TASK DIRECTIONS:
In the copy, keep every line below as it is and leave out the pictures.

┌──

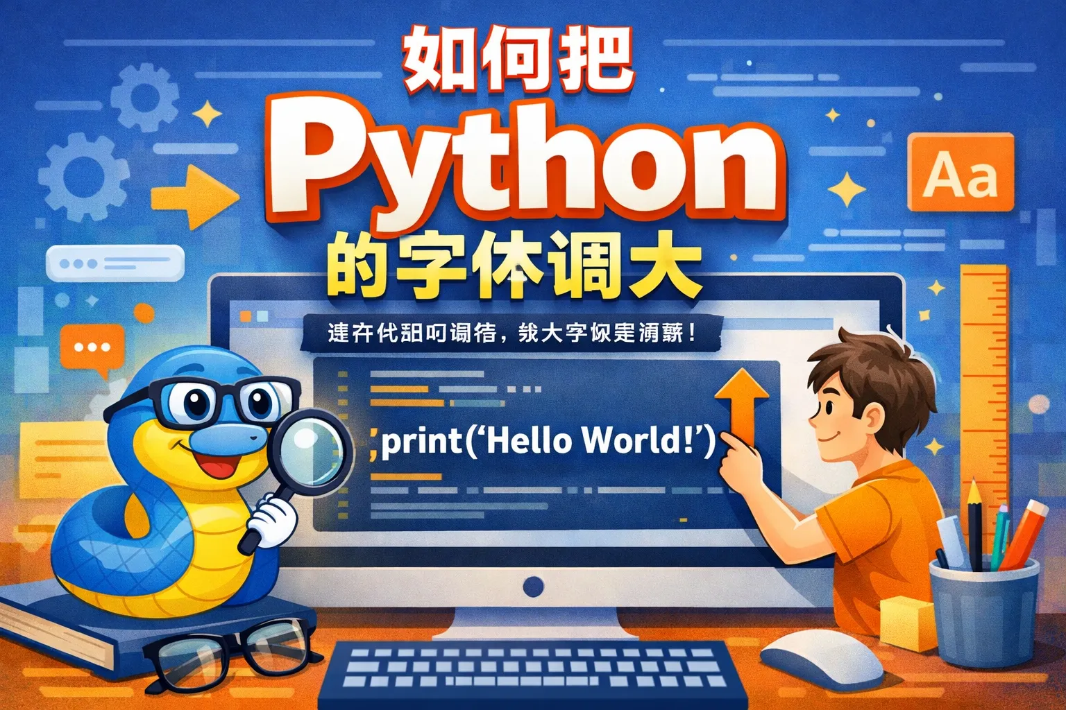 Python控制台默认字体大小是由终端或IDE控制的,Python本身无法改变输出字体大小。如果需要调大字体,需要在使用的终端或开发环境中自定义字体设置。或者,可以用图形界面库(如Tkinter)创建带有大字体的界面文本,来实现字体变大的效果。
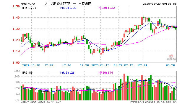 3月20日,人工智能AIETF(515070)开盘跌0.08%,报1.300元。人工智能AIETF(515070)重仓股方面,寒武纪开盘跌0.55%,海康威视涨0.03%,中际旭创涨0.30%,中科曙光涨0.00%,科大讯飞跌0.16%,韦尔股份跌0.01%,新易盛涨0.71%,澜起科技涨0.18%,金山办公涨0.29%,紫光股份跌0.31%。
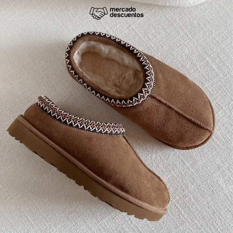 Están fabricadas con materiales sintéticos de alta calidad, con forro interior tipo borreguito ultra suave y suela antideslizante de goma EVA. Son duraderas, térmicas y muy cómodas.
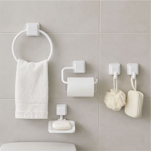 O Kit de Acessórios para Banheiro 5 Peças – Branco entrega praticidade e um toque de design na sua bancada e paredes. A paleta Branca cria um visual atual e elegante, enquanto as peças essenciais mantêm toalhas, papel, sabonete e itens do dia a dia sempre à mão.
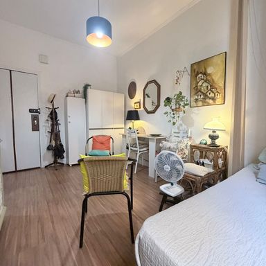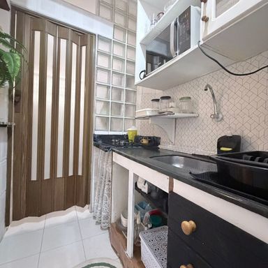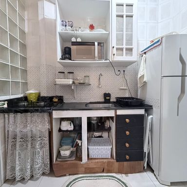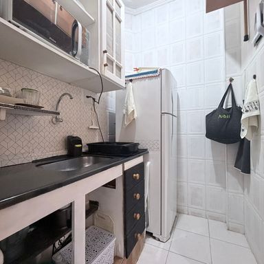Kitnet aconcehgante a 1 quadra da praia. 1 dormitório Cozinha Banheiro social Vaga de garagem coletiva Bicicletário Prédio com elevador
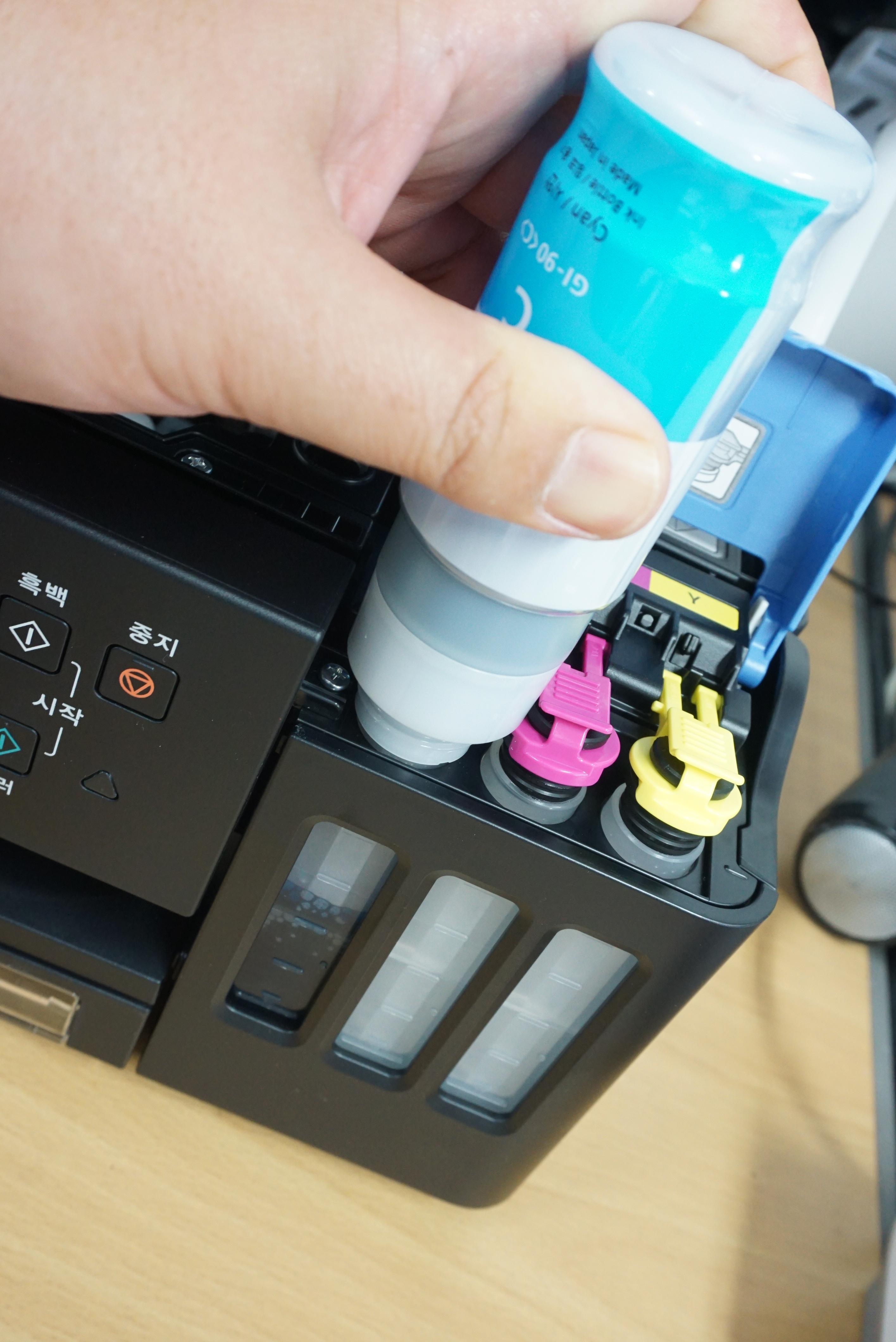 잉크통 노즐을 열고

└──

SOLUTION:
 Python控制台默认字体大小是由终端或IDE控制的,Python本身无法改变输出字体大小。如果需要调大字体,需要在使用的终端或开发环境中自定义字体设置。或者,可以用图形界面库(如Tkinter)创建带有大字体的界面文本,来实现字体变大的效果。
 3月20日,人工智能AIETF(515070)开盘跌0.08%,报1.300元。人工智能AIETF(515070)重仓股方面,寒武纪开盘跌0.55%,海康威视涨0.03%,中际旭创涨0.30%,中科曙光涨0.00%,科大讯飞跌0.16%,韦尔股份跌0.01%,新易盛涨0.71%,澜起科技涨0.18%,金山办公涨0.29%,紫光股份跌0.31%。
 Están fabricadas con materiales sintéticos de alta calidad, con forro interior tipo borreguito ultra suave y suela antideslizante de goma EVA. Son duraderas, térmicas y muy cómodas.
 O Kit de Acessórios para Banheiro 5 Peças – Branco entrega praticidade e um toque de design na sua bancada e paredes. A paleta Branca cria um visual atual e elegante, enquanto as peças essenciais mantêm toalhas, papel, sabonete e itens do dia a dia sempre à mão.
Kitnet aconcehgante a 1 quadra da praia. 1 dormitório Cozinha Banheiro social Vaga de garagem coletiva Bicicletário Prédio com elevador
 잉크통 노즐을 열고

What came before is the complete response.